§ **Required action**
Using the records below, return exactly the lines from the one containing "実際に送付する内容物を記と以" through the last, and omit pictures.

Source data
.....

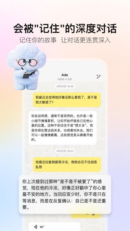 MeetAda app是一款专为用户提供情绪梳理和对话倾听的应用软件,软件为用户提供了专属的AI伙伴,方便用户和聊天机器人来进行实时对话,更好的进行语音交流互动,方便用户智能对话,就可让你实时进行专业倾听,以此来更好的进行情绪察觉梳理,有效实现情绪管理。平台还为用户提供了强大的记忆系统,方便用户轻松记忆自己的感受,以此来进行深入对话,便捷分享自己的情绪;此外,MeetAda官方网站还支持用户对自己的成长数据进行深度洞察,清晰查看自己的成长变化,可视化的查看,有需要的用户就赶紧来本站下载使用吧!
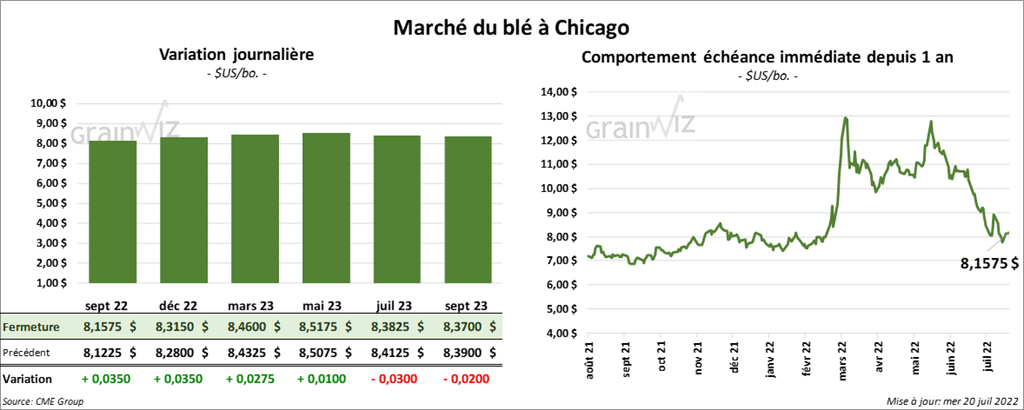 À Chicago, les contrats de blé aux échéances les plus rapprochées ont fermé en progression entre 2 ¾ et 3 ½ cents. À Kansas, ceux de blé dur rouge aux échéances les plus rapprochées ont également clôturé avec des gains entre 10 et 1 ¼ cents. À Minneapolis, les contrats de blé de printemps aux échéances les plus rapprochées ont fini en baisse entre 1 ½ et 2 ¼ cents. Celui septembre 22 a fait exception en terminant en hausse de 10 cents.
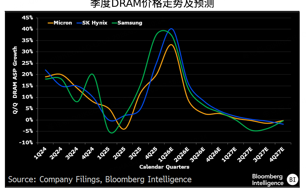目前,分析师预期自今年一季度后,DRAM(动态随机存储器)价格季度环比涨幅将从40%高位回落,2027年初,环比涨幅或接近于0:
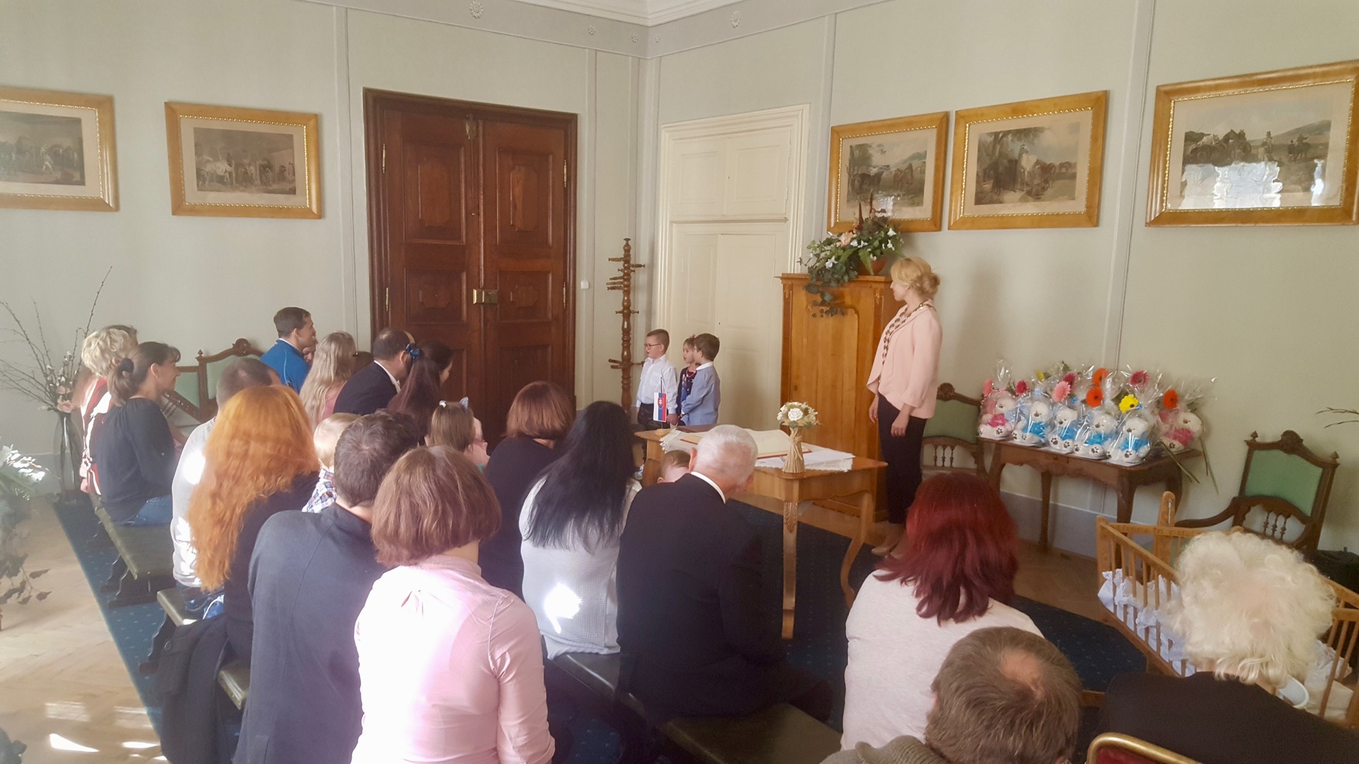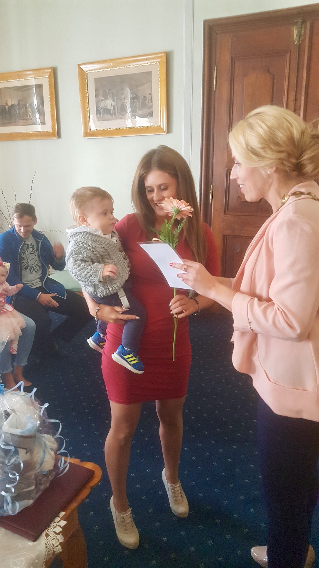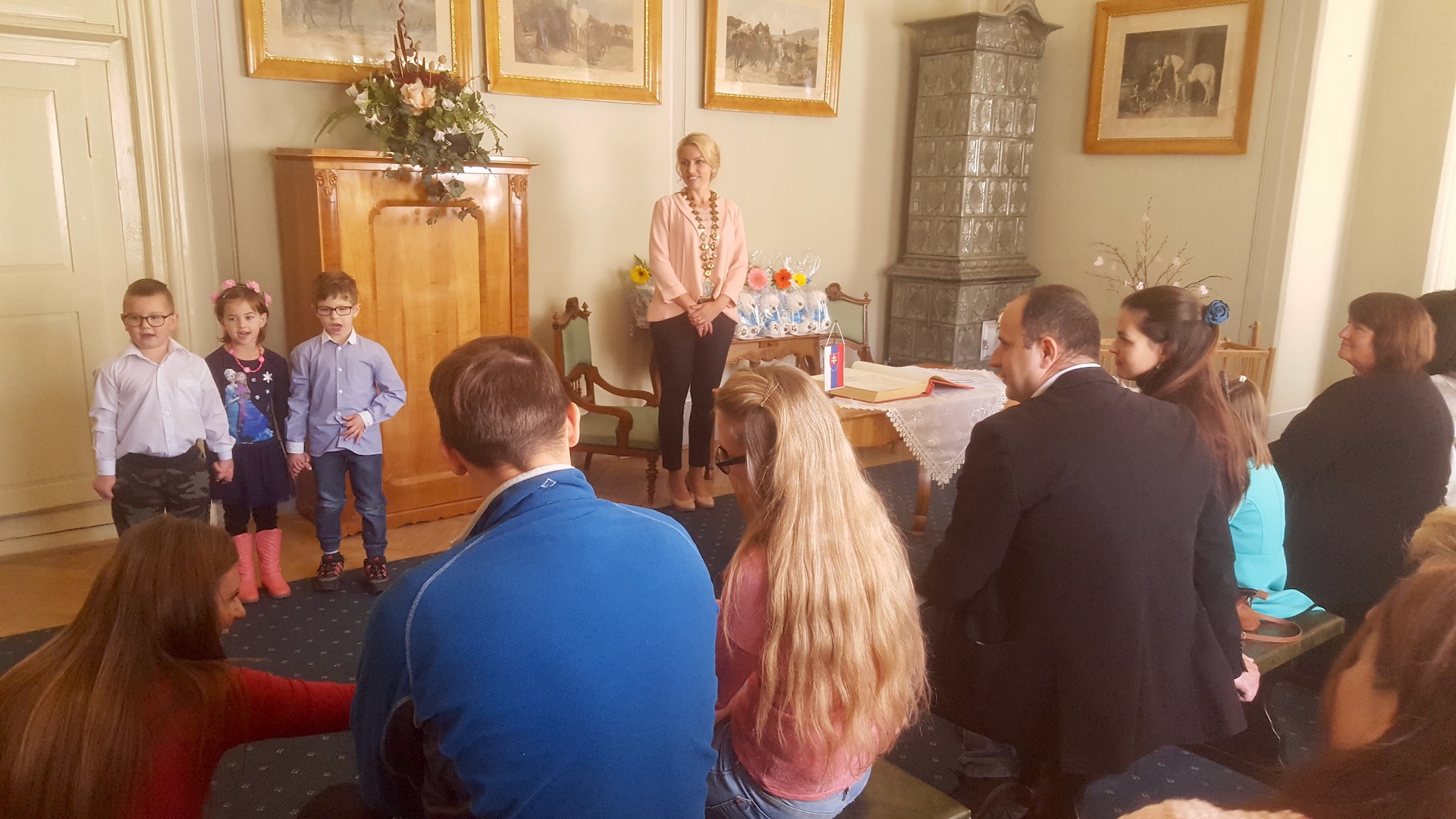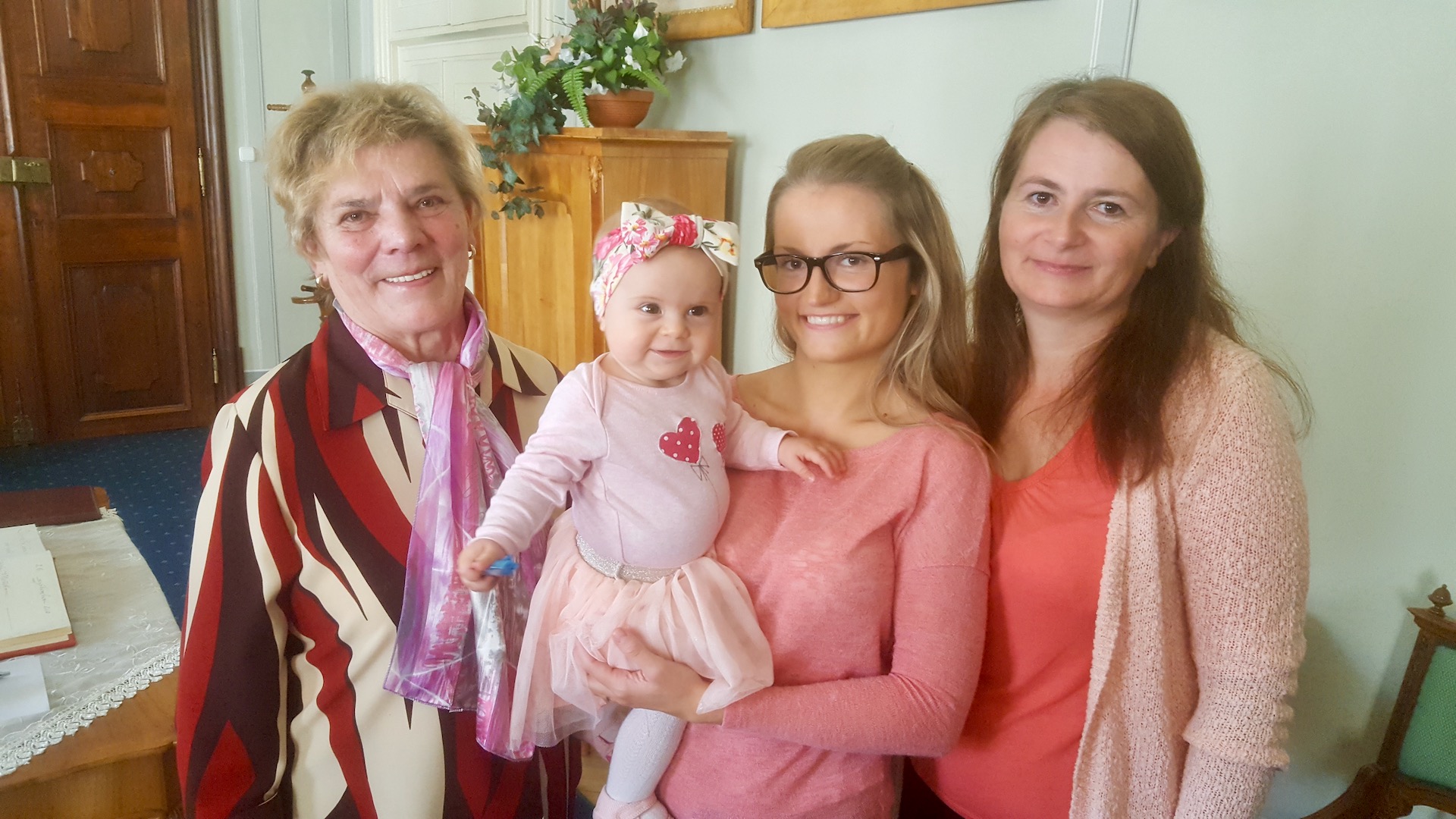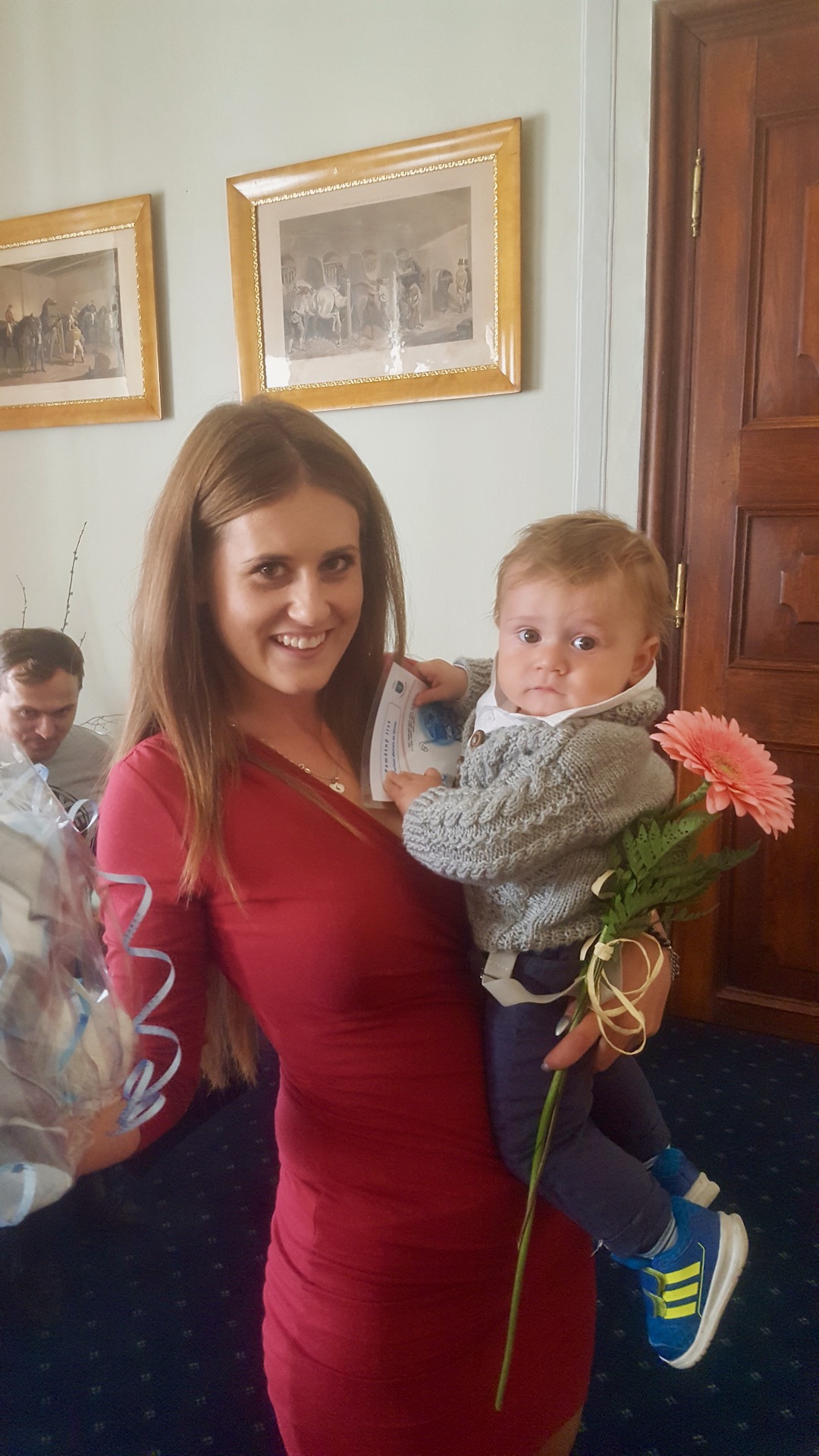 Po príhovore sa rodičia podpísali do pamätnej knihy a prevzali si darček pre svoje dieťatko ako pamiatku na dnešný deň. Táto krásna chvíľa bola spečatená fotografiou každého dieťatka v drevenej kolíske.
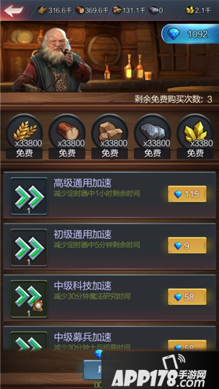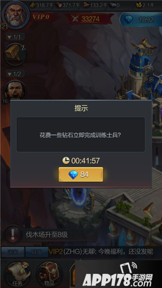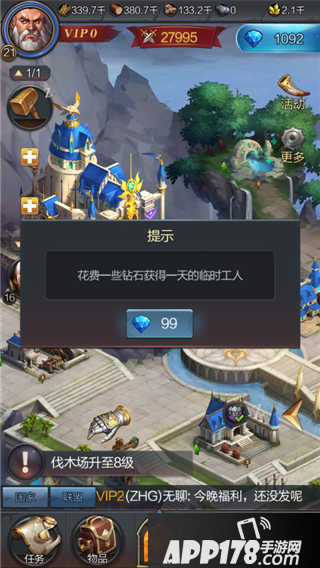 当然,光有工人还是不够的,因为工人干活还是会干累的啊!这时,你又要考虑该不该花钻石来立刻消除他们的疲劳感。对于这个问题,还是得到表哥的肯定的,因为“时间就是金钱,朋友”。而且前期的消除花费还是比较人性化的,越高级的建筑消除疲劳所要消耗的钻石就越多...越多...多!所以在前期把建筑等级先推上来是比较明智的选择,也能拉开其他玩家一段距离。
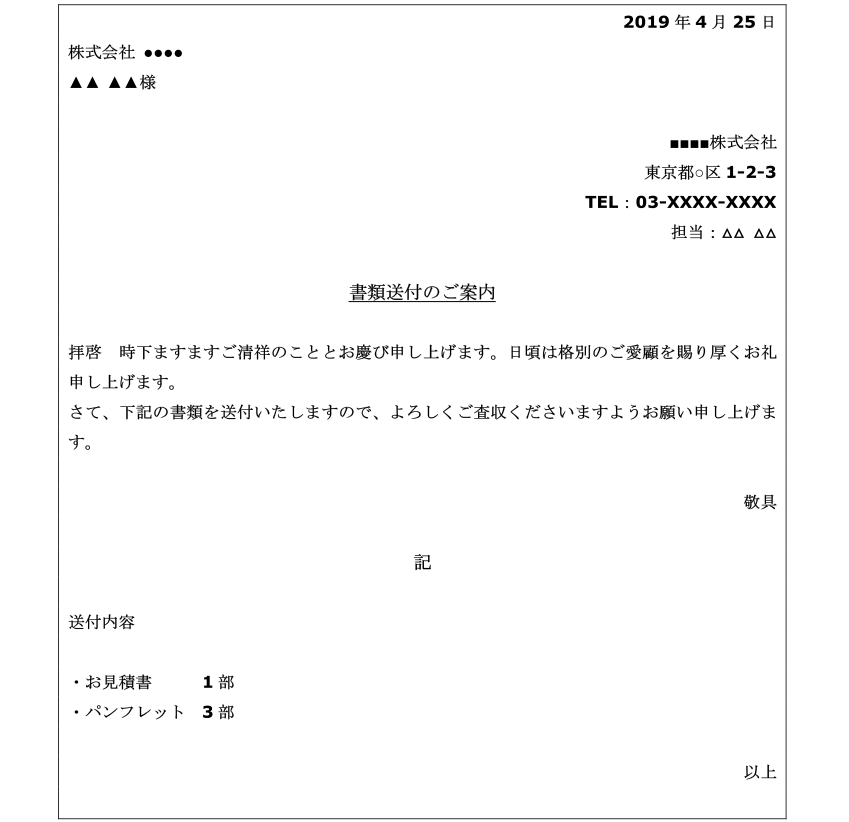 実際に送付する内容物を記と以上の間に記載します。必ず箇条書きで、以下の例のように書類名と数量を記載してください。
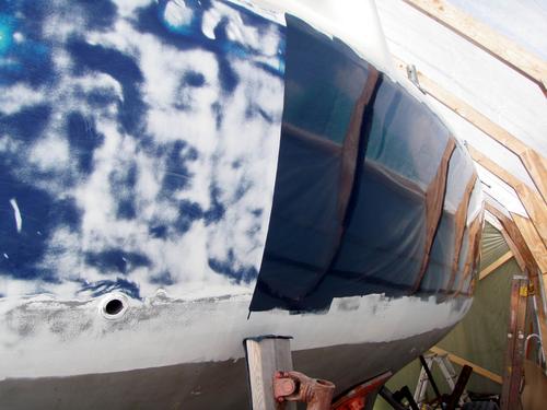 Misil-1 5 Postad 15 April , 2010 Hej, jag ska lacka om friborden på min Stofidra och tänkte prova en sån där sträckfärg av fabrikat DoubleCoat. Har lackat med roller med lite olika fabrikat på andra båtar genom åren och resultatet har väl inte varit direkt strålande men ändå helt OK, tycker jag. Den här Double Coaten krymper något vid härdningen och ska ge ett helt slätt resultat, står det i skrytbrochyren, vi får väl se. Tänkte att det kan vara av intresse bland några i församlingen, så jag lägger ut lite bilder. Friborden är nu slipade med 120-papper och grundade med epoxyprimer som rollat med fin skumrulle i ett tunt lager. Nu ska primer slipas ned med 240-papper tills ytan blir jämn och fin. DoubleCoaten ska lackas vid en temp på minst 15 grader, 20 grader rekomenderas, vilket just nu är mitt största bekymmer. När solen skiner så blir det lätt 20-25 grader, men skrovet blir på tok för varmt. Så det gäller att pricka in början på några varma dagar och börja rolla innan solen står för högt. Fler bilder finns i mitt album Dela detta inlägg Länk till inlägg Dela på andra webbplatser

.....

§ **Answer box**
 実際に送付する内容物を記と以上の間に記載します。必ず箇条書きで、以下の例のように書類名と数量を記載してください。
 Misil-1 5 Postad 15 April , 2010 Hej, jag ska lacka om friborden på min Stofidra och tänkte prova en sån där sträckfärg av fabrikat DoubleCoat. Har lackat med roller med lite olika fabrikat på andra båtar genom åren och resultatet har väl inte varit direkt strålande men ändå helt OK, tycker jag. Den här Double Coaten krymper något vid härdningen och ska ge ett helt slätt resultat, står det i skrytbrochyren, vi får väl se. Tänkte att det kan vara av intresse bland några i församlingen, så jag lägger ut lite bilder. Friborden är nu slipade med 120-papper och grundade med epoxyprimer som rollat med fin skumrulle i ett tunt lager. Nu ska primer slipas ned med 240-papper tills ytan blir jämn och fin. DoubleCoaten ska lackas vid en temp på minst 15 grader, 20 grader rekomenderas, vilket just nu är mitt största bekymmer. När solen skiner så blir det lätt 20-25 grader, men skrovet blir på tok för varmt. Så det gäller att pricka in början på några varma dagar och börja rolla innan solen står för högt. Fler bilder finns i mitt album Dela detta inlägg Länk till inlägg Dela på andra webbplatser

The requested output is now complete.